-- Task instructions --
Below are records; the lines starting at the one with "Inheritance diagram for" and ending at the one with "ინოვაციური კონსტრუქცია უზრუნველყოფს" must be reproduced exactly, both included. Pictures must not appear.

-- Data under study --
--------
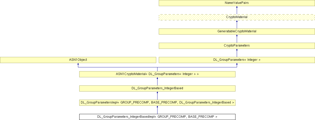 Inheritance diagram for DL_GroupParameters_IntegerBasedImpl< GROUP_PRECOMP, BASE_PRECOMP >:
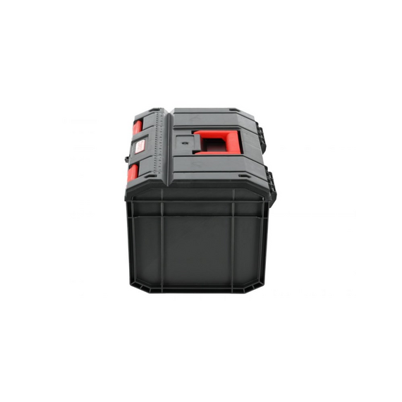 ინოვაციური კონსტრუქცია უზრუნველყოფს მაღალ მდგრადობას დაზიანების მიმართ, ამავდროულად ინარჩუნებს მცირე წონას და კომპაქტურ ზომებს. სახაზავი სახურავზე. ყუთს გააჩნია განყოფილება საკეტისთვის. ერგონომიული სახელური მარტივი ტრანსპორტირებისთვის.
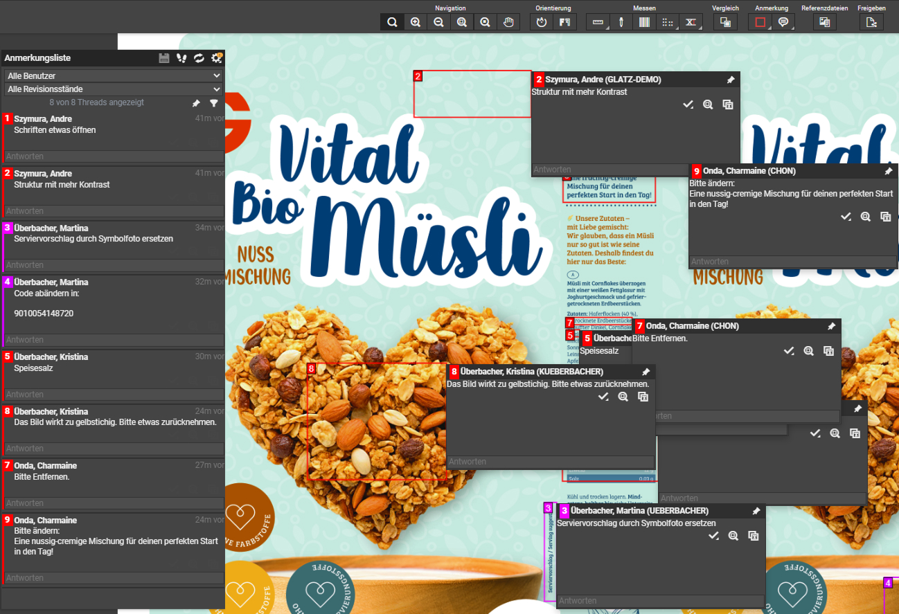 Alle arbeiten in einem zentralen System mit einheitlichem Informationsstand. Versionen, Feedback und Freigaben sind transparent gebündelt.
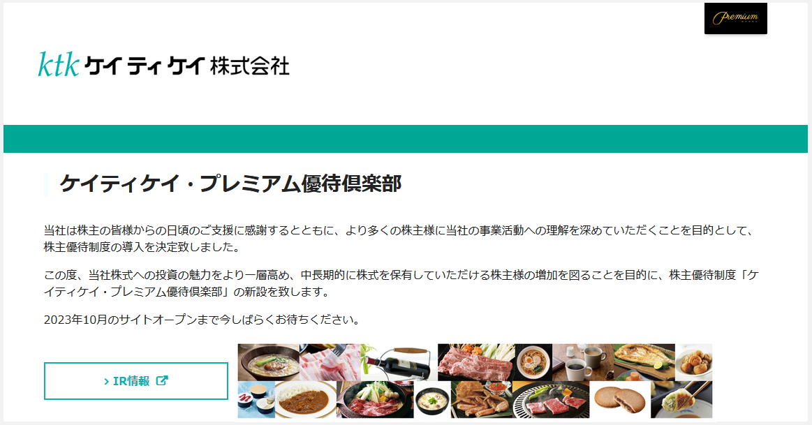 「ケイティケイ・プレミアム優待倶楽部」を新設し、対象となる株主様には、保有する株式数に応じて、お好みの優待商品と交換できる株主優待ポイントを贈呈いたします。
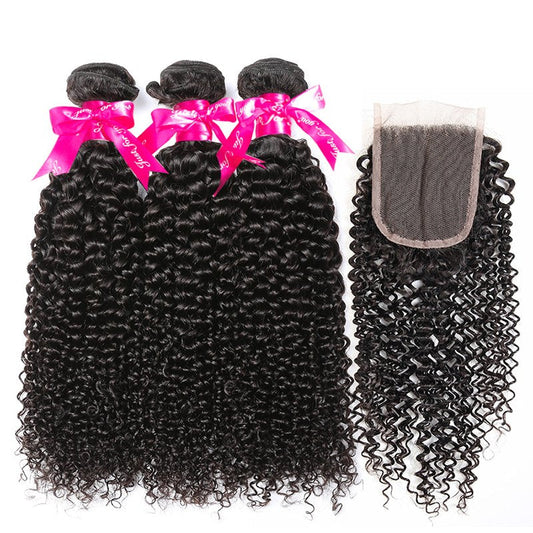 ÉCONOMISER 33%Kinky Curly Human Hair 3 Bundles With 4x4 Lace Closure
--------
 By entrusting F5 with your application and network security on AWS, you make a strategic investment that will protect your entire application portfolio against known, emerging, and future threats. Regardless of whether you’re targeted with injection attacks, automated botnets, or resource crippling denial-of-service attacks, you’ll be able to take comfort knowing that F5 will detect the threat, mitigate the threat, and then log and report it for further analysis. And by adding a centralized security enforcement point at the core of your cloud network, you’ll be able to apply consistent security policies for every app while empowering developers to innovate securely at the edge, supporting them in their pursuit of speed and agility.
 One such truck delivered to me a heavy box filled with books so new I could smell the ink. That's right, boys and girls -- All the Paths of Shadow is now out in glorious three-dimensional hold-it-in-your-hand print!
--------
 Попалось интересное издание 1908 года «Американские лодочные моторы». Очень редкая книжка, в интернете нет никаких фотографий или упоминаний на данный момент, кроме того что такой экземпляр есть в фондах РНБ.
--------
-- Problem solution --
 Inheritance diagram for DL_GroupParameters_IntegerBasedImpl< GROUP_PRECOMP, BASE_PRECOMP >:
 ინოვაციური კონსტრუქცია უზრუნველყოფს მაღალ მდგრადობას დაზიანების მიმართ, ამავდროულად ინარჩუნებს მცირე წონას და კომპაქტურ ზომებს. სახაზავი სახურავზე. ყუთს გააჩნია განყოფილება საკეტისთვის. ერგონომიული სახელური მარტივი ტრანსპორტირებისთვის.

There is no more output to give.